How population mental health has evolved across the COVID-19 pandemic under varied lockdown measures is poorly understood, with impacts on health inequalities unclear.

Objective

We investigated changes in mental health and sociodemographic inequalities from before and across the first year of the COVID-19 pandemic in 11 longitudinal studies.

Design, Setting and Participants

Data from 11 UK longitudinal population-based studies with pre-pandemic measures of psychological distress were jointly analysed and estimates pooled. Multi-level regression was used to examine changes in psychological distress from pre-pandemic to during the first year of the COVID-19 pandemic.

Exposures

Trends in the prevalence of poor mental health were assessed pre-pandemic (TP0) and at three pandemic time periods: initial lockdown (TP1, Mar-June 20); easing of restrictions (TP2, July-Oct 20); and a subsequent lockdown (TP3, Nov 20-Mar 21). We stratified analyses by sex, ethnicity, education, age, and UK country.

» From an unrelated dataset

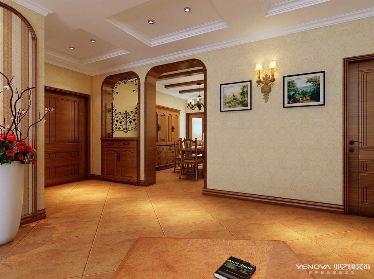 本案在结构调整方面比较小,只是把书房的南墙往北移位了一些,为的是让门厅、餐厅、过道空间各自为齐,同时也弱化了阳角的突出感。门厅与餐厅中间的垭口处理成了多功能型的结构,将鞋柜也容入了进去,铁艺的运用增添了一些古典美,又有些许的休闲之意,也突出了美式的历史感。作为待客区域的客厅,使用仿古砖和木饰面的护墙板做装饰,竖向条纹型的壁纸装饰的墙面,凸显着美式风格自由,富有历史气息的鲜明个性。宽大舒适的家具,无不体现着美式的元素。餐厅拱形的垭口,丰富了墙面的美感,粗犷的木梁装饰是对大自然诠释。主卧的装饰简单大方,在布艺饰品上做了考究的选择,将墙面护墙板简化成石膏平线,即是一种低碳环保的装修手法,又不失美式的造型美。
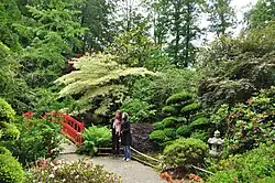 A romantic English garden and botanical garden, created in 1965. It includes basins, cascades and a water staircase; Italian terraces; and a fine collection of magnolias, camellias, rhododendrons, and plants of Australia, New Zealand and the Mediterranean.(see photos)

Main Outcomes and Measures

Psychological distress was assessed using the General Health Questionnaire 12 (GHQ-12), Kessler-6, 9-item Malaise Inventory, Short Mood and Feelings Questionnaire (SMFQ), Patient Health Questionnaire-8 and 9 (PHQ-8/9), Hospital Anxiety and Depression Scale (HADS) and Centre for Epidemiological Studies – Depression (CES-D), across different studies.

Results

In total, 49,993 adult participants (61.2% female; 8.7% Non-White) were analysed. Across the 11 studies, mental health deteriorated from pre-pandemic scores across all three pandemic time periods, but with considerable heterogeneity across the study-specific effect sizes estimated (pooled estimate TP1 Standardised Mean Difference (SMD): 0.15 (95% CI: 0.06, 0.25); TP2 SMD: 0.18 (0.09, 0.27); TP3 SMD: 0.21 (0.10, 0.32)). Changes in psychological distress across the pandemic were higher in females (TP3 SMD: 0.23 (0.11, 0.35)) than males (TP3 SMD: 0.16 (0.06, 0.26)), and lower in below-degree level educated persons at TP3 (SMD: 0.18 (0.06, 0.30)) compared to those who held degrees (SMD: 0.26 (0.14, 0.38)). Increased psychological distress was most prominent amongst adults aged 25-34 and 35-44 years compared to other age groups. We did not find evidence of changes in distress differing by ethnicity or UK country.

Conclusions and Relevance

The substantial deterioration in mental health seen in the UK during the first lockdown did not reverse when lockdown lifted, and a sustained worsening was observed across the pandemic. Mental health declines have been unequal across the population, with females, those with higher degrees, and those aged 25-44 years more affected.